We confirmed the System Customizer screenshot-read claim empirically by creating a service principal with only the System Customizer role assigned (no System Administrator, no other roles), authenticating via OAuth2 client credentials, and reading screenshots created by a different user (the original maker). The SHA-256 of one downloaded binary matched the SHA-256 of the same file the original maker downloaded – bit-for-bit. The privilege table is the authoritative source; runtime enforcement matches it as expected.

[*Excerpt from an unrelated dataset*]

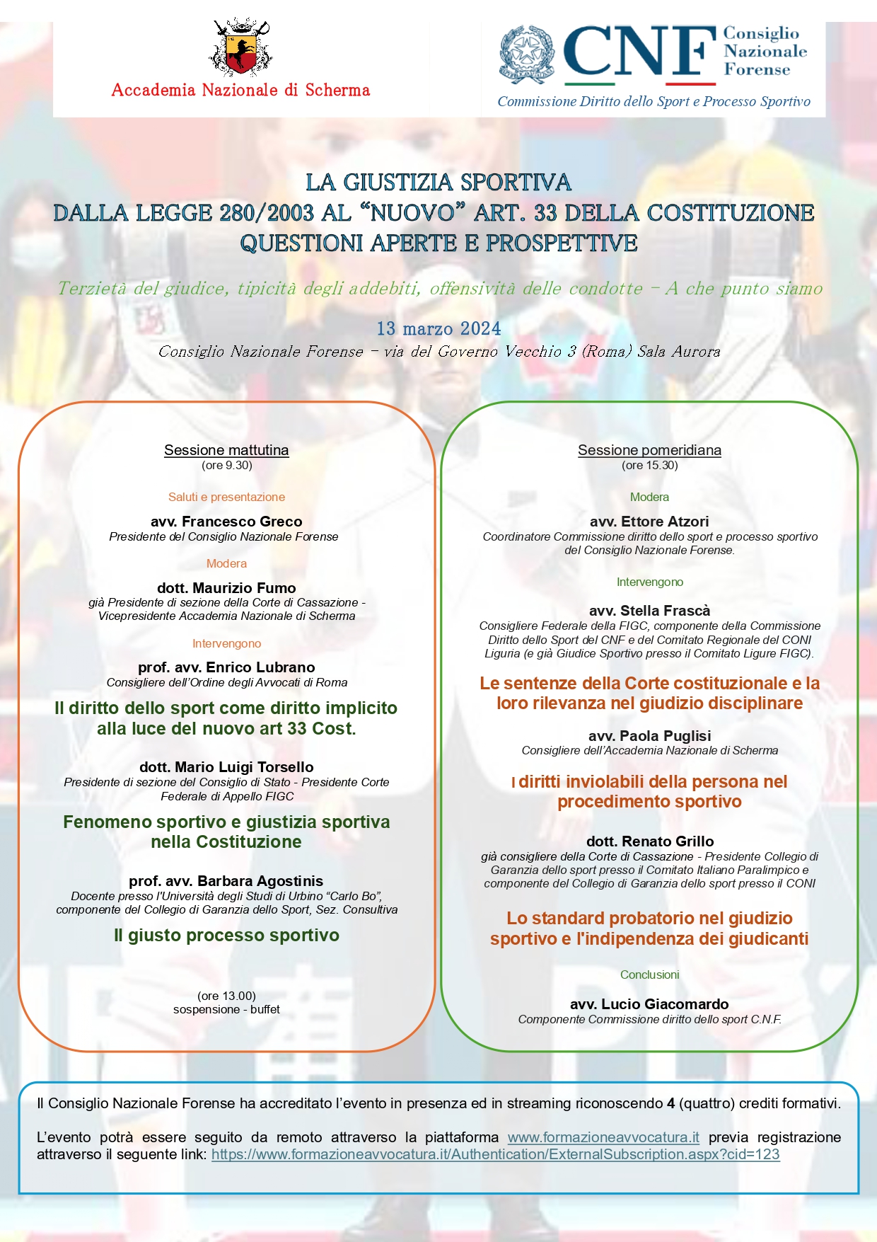 L’evento potrà essere seguito da remoto attraverso la piattaforma www.formazioneavvocatura.it previa registrazione attraverso il seguente link: https://www.formazioneavvocatura.it/Authentication/ExternalSubscription.aspx?cid=123

The entity has 40 attributes; none are retention/expiration/TTL fields, so per-record automatic cleanup isn’t built into the table schema. We did not find a retention setting in the Copilot Studio maker UI for screenshots. Admins can use generic Dataverse Bulk Delete jobs from the Power Platform Admin Center to schedule cleanup against the flowsessionbinaries table, or call DELETE /flowsessionbinaries({id}) against the Web API directly (we verified the endpoint returns HTTP 204). There is no Copilot Studio-specific UI surface for this.

The transcript batch lag and what it lets you do

Conversation transcripts land in Dataverse on a fixed ~30-minute batch.

Across 10 transcripts spanning two days, the lag from SessionInfo.endTimeUtc to Dataverse createdon measured mean 30.1 minutes, range 29.8 – 30.3 minutes. The narrow range across runs suggests transcripts are processed on a scheduled job rather than streamed in real-time.

For defenders this constrains incident-response: you cannot grep transcripts in real time. For API-driven testing it constrains test cadence: design loops around the 30-minute window, not faster.

For an attacker it has the opposite effect – any malicious content delivered via the supply chain channels we described above will not appear in tenant transcript search for half an hour. Combined with markdown URL rendering and no UI source attribution, the in-the-moment user experience and the after-the-fact audit experience are decoupled.

Connected subagents are stored as botcomponents inside the parent

The “subagent” is not a separate bot – it’s a piece of the parent’s configuration.

When a maker adds a Connected Agent to a parent in Copilot Studio, the subagent is stored as a botcomponent record inside the parent’s collection. The botcomponent has:

kind: AgentDialog
beginDialog.kind: OnToolSelected (a trigger kind we did not see in any of the 75 system topics we inventoried)
settings.instructions containing the verbatim text the subagent emits when invoked
_parentbotid_value pointing at the parent bot

There is no separate Bot entity for the subagent. No separate Entra service principal. No separate identity. The subagent exists only as a piece of the parent’s configuration.

This is materially different from how the platform’s documentation talks about Connected Agents. The docs describe child agents as having “own orchestration” with a “separate 128-tool budget” – which is true at the orchestration layer. But at the identity and storage layer, the subagent is part of the parent.

Privilege implications follow. prvReadbotcomponent (read on subagent records, among other components) is granted to Environment Maker at User-depth only – meaning a maker can read their own subagent botcomponent records but not other makers’ records. System Customizer and Support User have Global-depth read.

So a co-maker who adds a subagent to a shared parent agent owns the new botcomponent record. Other Environment-Maker-only co-makers on the same parent cannot read the new subagent’s settings.instructions field via their default role. Only elevated roles can audit across owners.

In practical terms: in a multi-maker environment, a maker can add a subagent to a parent agent built by another team, and the other team’s makers (with only the default Environment Maker role) will not be able to see what that subagent actually says when it runs. The orchestrator can route to it, the agent can emit its output to users, and the parent’s owner has no way to read the configuration unless they hold System Customizer, Support User, or higher.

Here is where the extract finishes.